Set down, please, the line that contains "Pose en applique" and every line that follows it to the end of the records, exactly; do not include pictures.

[[ Data to use, beginning ]]

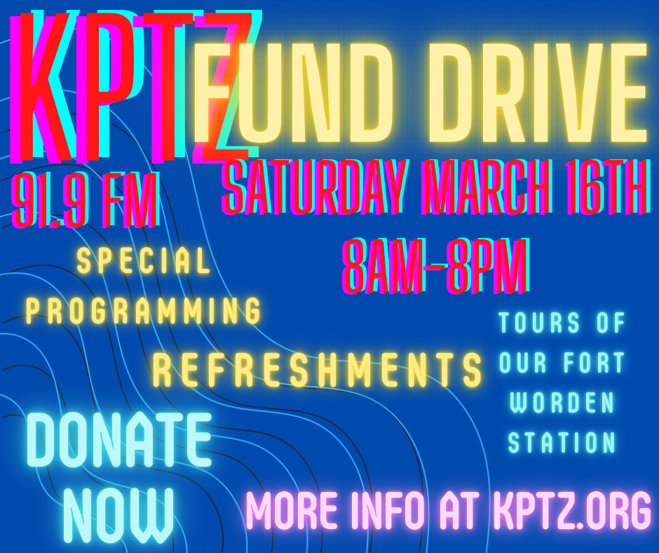 KPTZ will be offering tours of our Fort Worden Station from 8 am to 6 pm on Saturday. March 16. We will have light refreshments available and are happy to take your donation in person by cash, check or card. We are eager to show off our space, answer questions and listen to some exceptional programming from some of KPTZ’s best DJs. Our station is in building 305 on the Fort Worden Campus. Directions can be found here. Parking is available at the front of the building and by the Madrona Mind Body Institute. If you can’t join us in person this Saturday, you can donate by clicking the Donate now button at the top of this page, where you will be taken to a secure donation portal. All Donations received will go to our general operating fund.
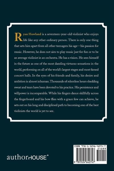 Ryan Howland is a seventeen-year-old violinist who enjoys life like any other ordinary person. There is only one thing that sets him apart from all other teenagers his age-his passion for music. However, he does not aim to play music just for fun or to be an average violinist in an orchestra. He has a vision. He sees himself in the future as one of the most dazzling virtuoso sensations in the world, performing on all of the world's largest stages and most famed concert halls. In the eyes of his friends and family, his desire and ambition is almost inhuman. Thousands of relentless hours shedding sweat and tears have been devoted to his practice. His persistence and willpower is incomparable. While his fingers dance skillfully across the fingerboard and his bow flies with a grace few can achieve, he sets out on his long and disciplined path to becoming one of the best violinists the world is yet to see.
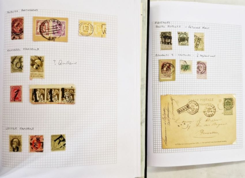 Belgium: postal service postmarks with others from late 1800's in 3 black Centinal albums with background papers in separate folder. Used on stamps, covers, postcards, banknotes, telegraph, coupon, response, advertisements, postal school, savings, aboard, express, newspaper delivery 'return to sender', 'ambulant'. High value issues to 2F (including cover) and scarcer counsels seen (1 box)From the collection of Tom Pring, a highly respected member of the Belgian Study Circle and the author of two works on Belgian issues, ‘Fine Barbe Varieties’ (2009) and ‘1893 Armoires du Royaume’ (2015). Pring was half-way through a work on the Ostend-Dover Route, which he was sadly unable to complete.
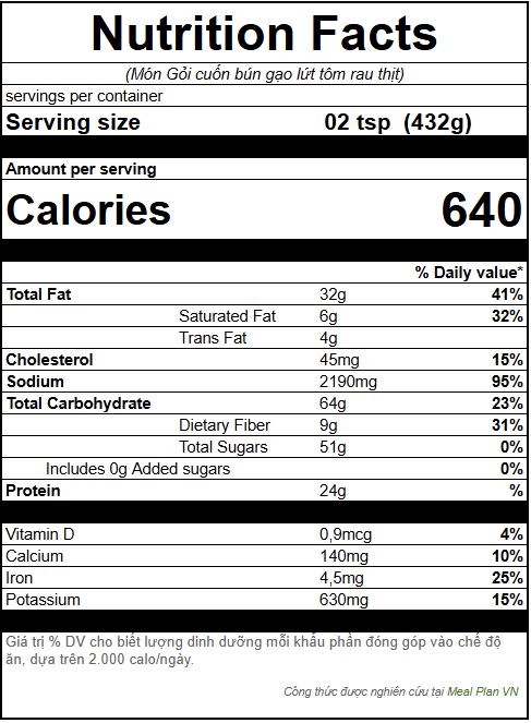 - Số gỏi cuốn: 432 g/2 cuốn
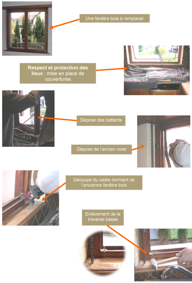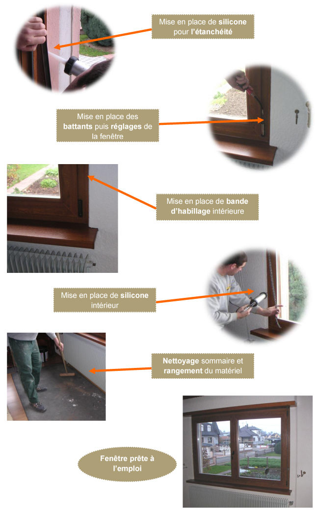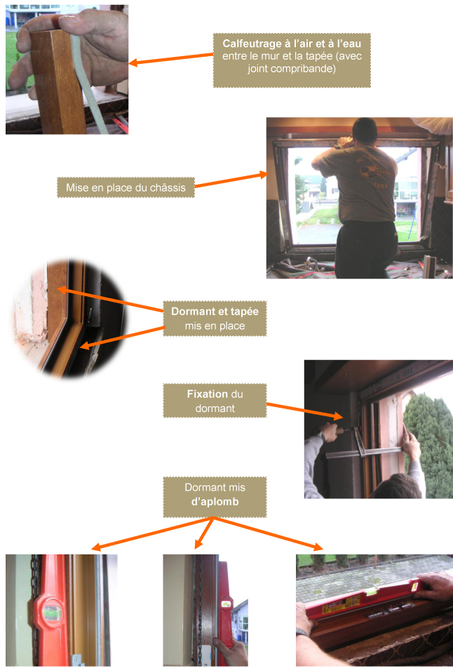 Pose en applique : Pose au nu intérieur avec une partie du dormant appuyée contre le mur. Pose traditionnelle en construction neuve en France. Nécessite la mise en place de dormants larges ou de tapées pour reprendre l’épaisseur du doublage d’isolation intérieure.
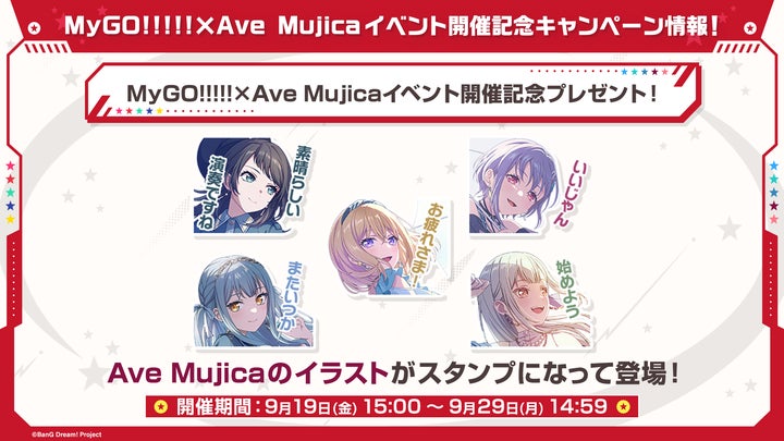 2025年9月19日(金)15時から9月29日(月)14時59分までの期間中にログインした方全員に、Ave Mujicaのスタンプがプレゼントされます。

[[ Data to use, end ]]

Exercise response >>
 Pose en applique : Pose au nu intérieur avec une partie du dormant appuyée contre le mur. Pose traditionnelle en construction neuve en France. Nécessite la mise en place de dormants larges ou de tapées pour reprendre l’épaisseur du doublage d’isolation intérieure.
 2025年9月19日(金)15時から9月29日(月)14時59分までの期間中にログインした方全員に、Ave Mujicaのスタンプがプレゼントされます。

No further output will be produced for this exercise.